Either Party may terminate the Agreement immediately by giving written notice to the other Party if the other Party:

1. commits any breach of any term of the Agreement, and the breach is not remediable; or the breach is remediable, but the other Party fails to remedy the breach within 30 calendar days of receipt of a written notice requiring it to do so; or persistently breaches the terms of the Agreement (irrespective of whether such breaches collectively constitute a material breach). 2. the other Party is dissolved;ceases to conduct all (or substantially all) of its business;is or becomes unable to pay its debts as they fall due;is or becomes insolvent or is declared insolvent; or an order is made for the winding up of the other Party, or the other Party passes a resolution for its winding up (other than for the purpose of a solvent company reorganisation where the resulting entity will assume all the obligations of the other Party under the Agreement).

8.3 Effects of Termination

Upon termination of the Agreement, the Customer will no longer have the right to access the Platform and use the SaaS-Services and Support Service. Upon termination, the Customer Account will be deactivated.

The Customer is solely responsible for moving and removing the Customer Data from the Platform before the deactivation of the Customer Account. Upon deactivation of the Customer Account, the Provider reserves the right to delete any Customer Data from the Platform. Upon request from the Customer, the Provider shall extract and provide to the Customer the Customer Data.

9. Miscellaneous

9.1 No Waiver

No breach of any provision of the Agreement will be waived except with the express written consent of the Party not in breach.

9.2 Severability

If any provision of the Agreement is determined by any court or other competent authority to be unlawful and/or unenforceable, the other provisions of the Agreement will continue in effect. If any unlawful and/or unenforceable provision would be lawful or enforceable if part of it were deleted, that part will be deemed to be deleted, and the rest of the clause will continue in effect (unless that would contradict the clear intention of the Parties, in which case the entirety of the relevant clause will be deemed to be deleted). The Parties commit themselves to substitute the ineffective provision with one that most closely reflects the economic intention of the ineffective provision. The same applies to unintentional gaps in the contract.

9.3 No Agency

Nothing in the Agreement will constitute a partnership, agency relationship or contract of employment between the Parties.

9.4 Written Form

This Agreement (including this provision) may not be varied except by a written document signed by or on behalf of each of the Parties.

9.5 Assignment

The Customer may not assign any or all of its contractual rights and/or obligation without the prior written consent of the Provider.

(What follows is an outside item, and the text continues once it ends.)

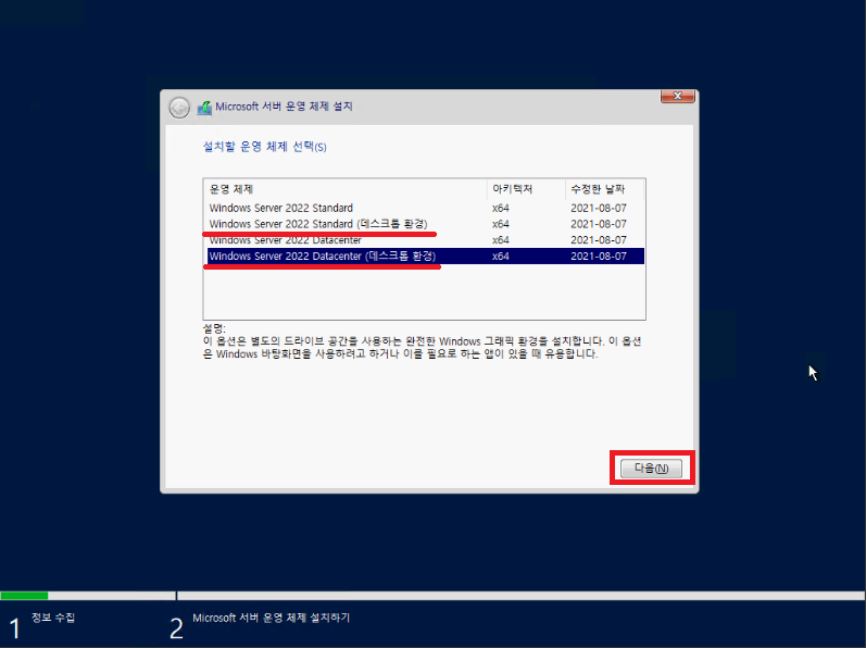 저는 Hyper-v를 이용하기 위해 Datacenter 라이센스를 보유하고 있어서 Datacenter(데스크톱 환경)을 선택해주었습니다.

The Customer hereby agrees that the Provider may freely assign any or all of its contractual rights and/or obligations under the Agreement to any Affiliate. The Customer has the right to terminate the Agreement with 90-days notice if the Provider assigns any or all of its contractual rights and/or obligations under the Agreement to any successor or a substantial part of the business of the Provider from time to time.

9.6 Choice of Law and Forum

This Agreement will be governed by and construed in accordance with the substantive laws of Switzerland excluding its conflict of law provisions and excluding the United Nations Convention on the International Sale of Goods (CISG).

The exclusive place of jurisdiction is Zürich (City), Switzerland. The Parties may jointly choose as alternative place of jurisdiction any competent court of justice worldwide.